INSTRUCTIONS FOR THE TASK> Down to the last word, output the records below, skipping any images.

Saved entries:
-.-.-

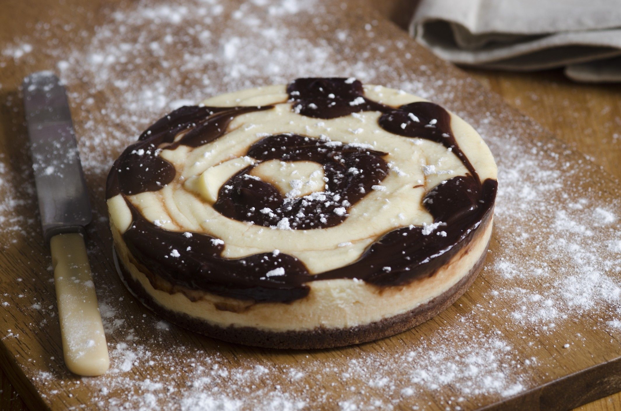 Cheesecake al cioccolato e caramello , una torta al cioccolato fondente, formaggio fresco magro e caramello, cremos...
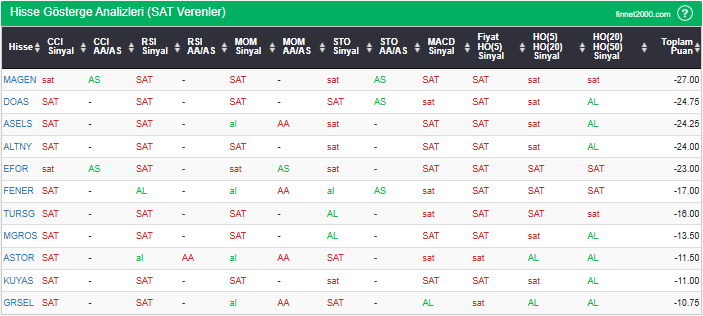 Bu çalışmada “SAT” sinyali veren hisselerin tespiti amacıyla Borsa’da işlem gören BIST 100 hisseler değerlendirmeye alınmıştır. BIST 100 üzerinde teknik analizde kullanılan 12 gösterge yöntemi ile değerleme yapılarak puanlamaya gidilerek hisseler sıralanmıştır. Ancak hisse seçiminde teknik göstergelerin tek başına kullanılması yeterli değildir. Burada ön plana çıkan hisselerin temel analizle desteklemesi ve hisseyle ilgili son haber ve bilgilerin de değerlendirilerek işlemde bulunması, daha sağlıklı sonuçlar için yararlı olacaktır.
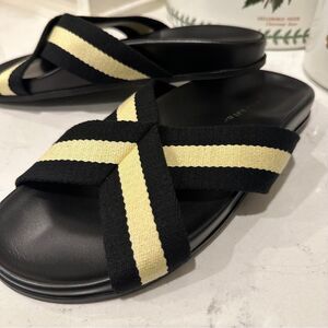 Jenni Kayne Cotton Crossover Sandal Black Stripe size 39
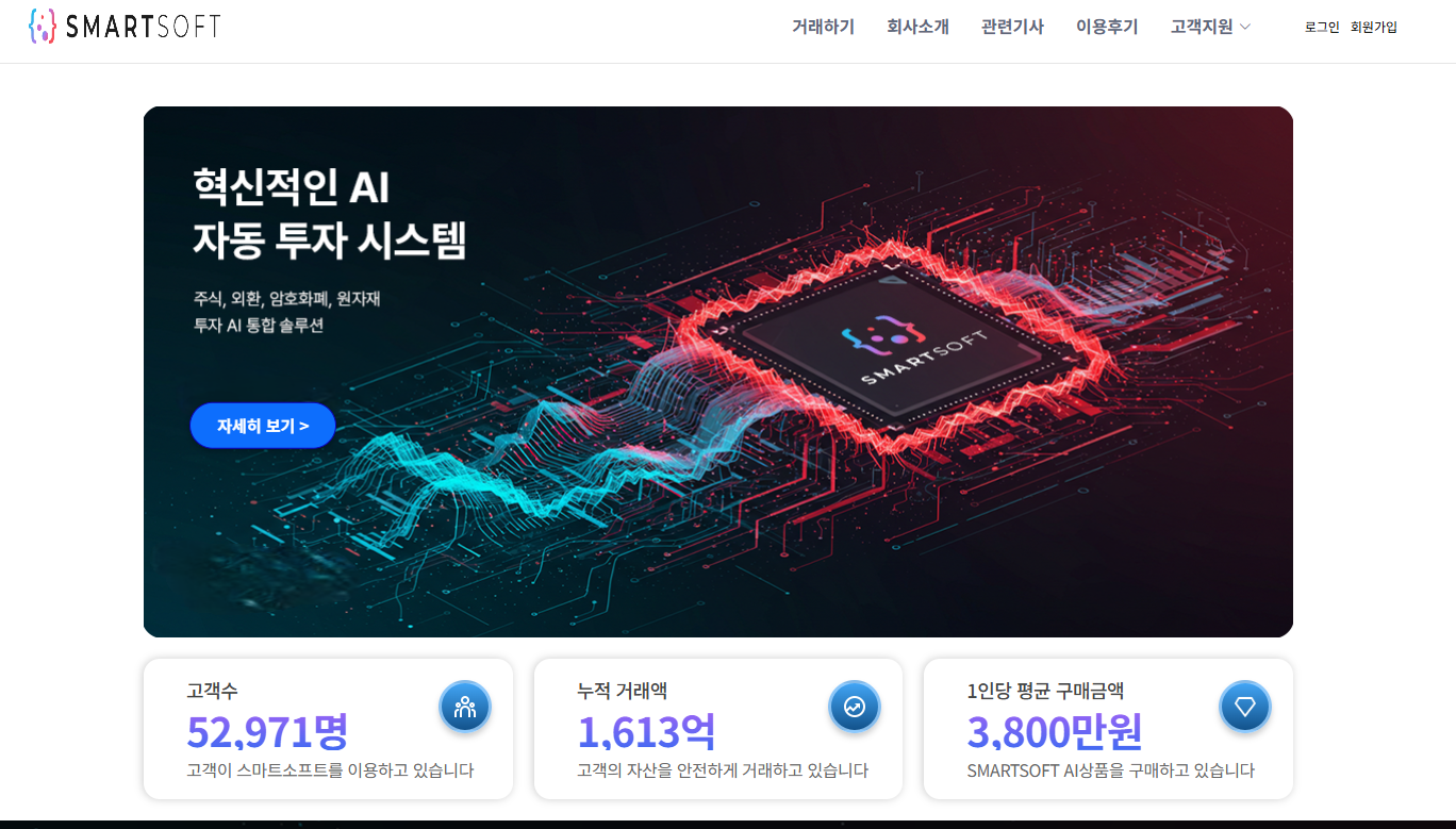 오늘은 실제는 존재하지도 않는 SMARTSOFT(스마트소프트)라는 회사를 '표방'하여 피해자들에게 접근한 뒤 AI 자동매매 프로그램을 통한 투자를 유도하며 계속하여 많은 투자금을 지급하에 한 후 나중에는 투자금 뿐 아니라 수수료 또는 세금 명목의 금원까지 편취한 사례를 소개해드리겠습니다.
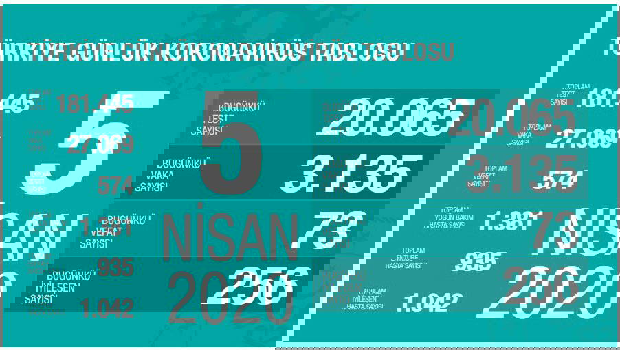 Sağlık Bakanı Fahrettin Koca, yeni koronavirüs raporunu açıkladı. Koca'nın açıkladığı bilgilere göre Türkiye'de koronavirüs nedeniyle yaşamını yitirenlerin sayısı 73 kişi daha artarak 574'e yükseldi. Bakan Koca, ayrıca 3 bin 135 vakanın daha olduğunu açıkladı. Bugünkü sayılarla birlikte Türkiye'deki koronavirüs vakalarının sayısı 27 bin 69'a yükselmiş oldu.
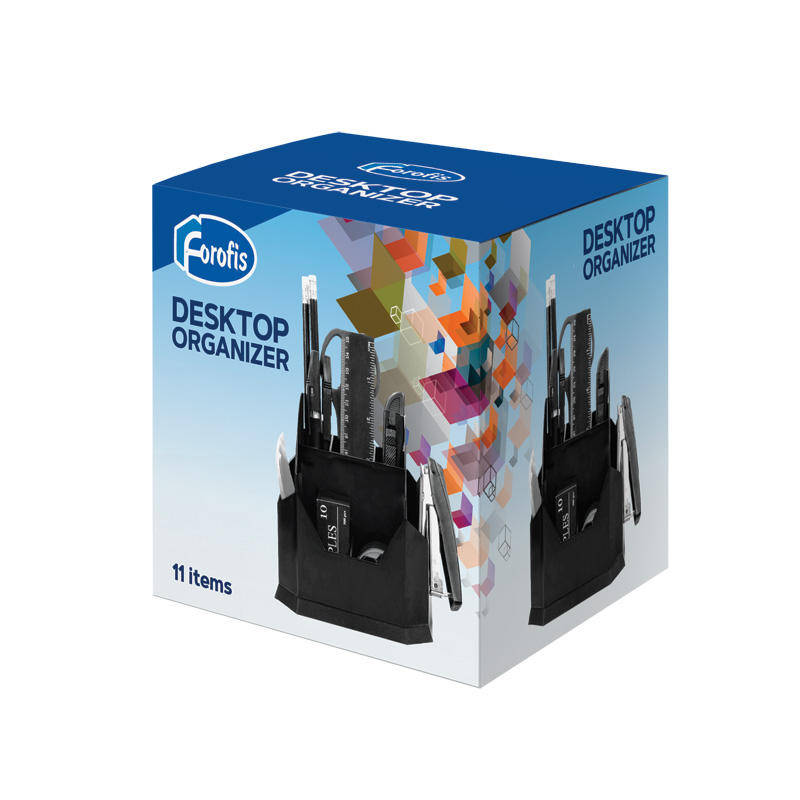 Setul de papetarie de birou este realizat din plastic negru. O solutie excelenta pentru masa de oficiu. Suportul ocupa spatiu minim si detine toate rechizitele de birou necesare pentru lucru. Are o baza rotativa la 360 de grade. Echipament: capsator Nr10, capse Nr10, foarfece, cutter, pix, 2 creioane simple, ascutitoare, radiera, rigla, pioneze si clame. In total sunt 11 articole.
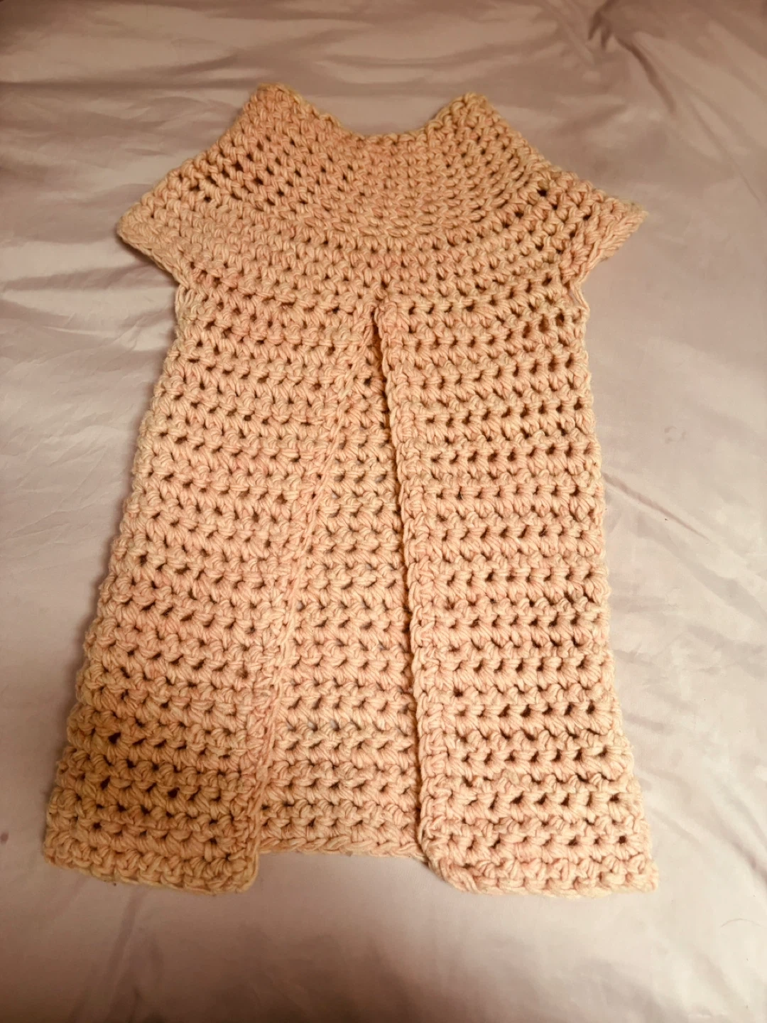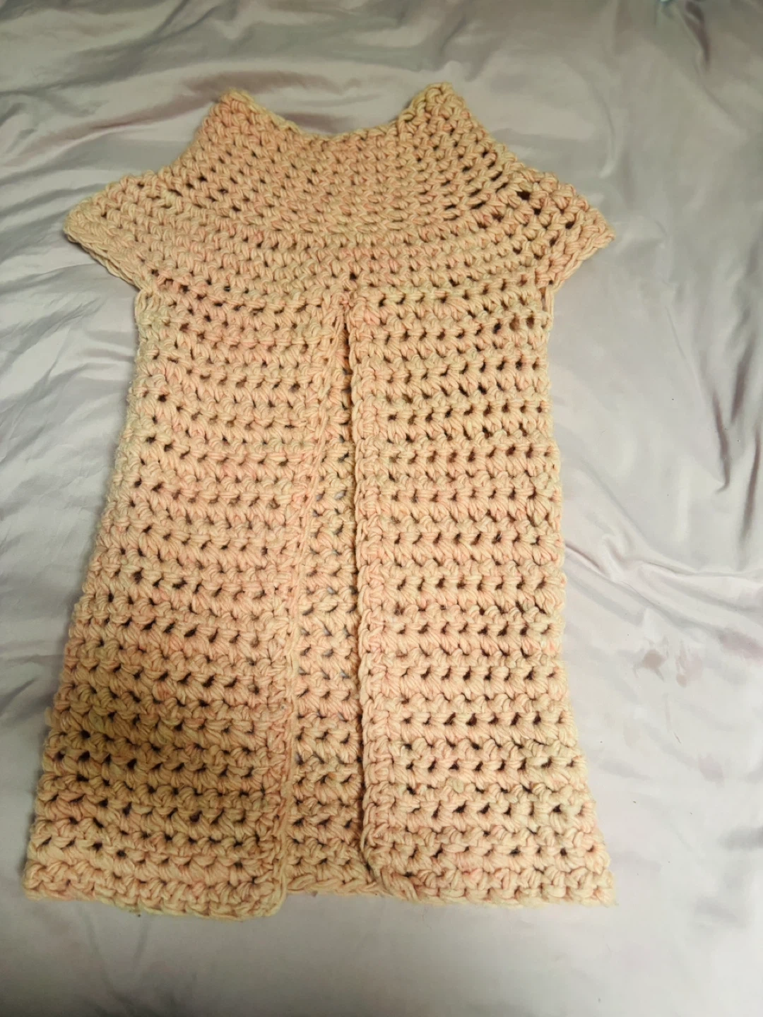 Selling a handmade crochet cardigan in a lovely peach colour. It's a unique piece, perfect for layering or adding a touch of handmade charm to your outfit

-.-.-

OUTPUT>
 Cheesecake al cioccolato e caramello , una torta al cioccolato fondente, formaggio fresco magro e caramello, cremos...
 Bu çalışmada “SAT” sinyali veren hisselerin tespiti amacıyla Borsa’da işlem gören BIST 100 hisseler değerlendirmeye alınmıştır. BIST 100 üzerinde teknik analizde kullanılan 12 gösterge yöntemi ile değerleme yapılarak puanlamaya gidilerek hisseler sıralanmıştır. Ancak hisse seçiminde teknik göstergelerin tek başına kullanılması yeterli değildir. Burada ön plana çıkan hisselerin temel analizle desteklemesi ve hisseyle ilgili son haber ve bilgilerin de değerlendirilerek işlemde bulunması, daha sağlıklı sonuçlar için yararlı olacaktır.
 Jenni Kayne Cotton Crossover Sandal Black Stripe size 39
 오늘은 실제는 존재하지도 않는 SMARTSOFT(스마트소프트)라는 회사를 '표방'하여 피해자들에게 접근한 뒤 AI 자동매매 프로그램을 통한 투자를 유도하며 계속하여 많은 투자금을 지급하에 한 후 나중에는 투자금 뿐 아니라 수수료 또는 세금 명목의 금원까지 편취한 사례를 소개해드리겠습니다.
 Sağlık Bakanı Fahrettin Koca, yeni koronavirüs raporunu açıkladı. Koca'nın açıkladığı bilgilere göre Türkiye'de koronavirüs nedeniyle yaşamını yitirenlerin sayısı 73 kişi daha artarak 574'e yükseldi. Bakan Koca, ayrıca 3 bin 135 vakanın daha olduğunu açıkladı. Bugünkü sayılarla birlikte Türkiye'deki koronavirüs vakalarının sayısı 27 bin 69'a yükselmiş oldu.
 Setul de papetarie de birou este realizat din plastic negru. O solutie excelenta pentru masa de oficiu. Suportul ocupa spatiu minim si detine toate rechizitele de birou necesare pentru lucru. Are o baza rotativa la 360 de grade. Echipament: capsator Nr10, capse Nr10, foarfece, cutter, pix, 2 creioane simple, ascutitoare, radiera, rigla, pioneze si clame. In total sunt 11 articole.
 Selling a handmade crochet cardigan in a lovely peach colour. It's a unique piece, perfect for layering or adding a touch of handmade charm to your outfit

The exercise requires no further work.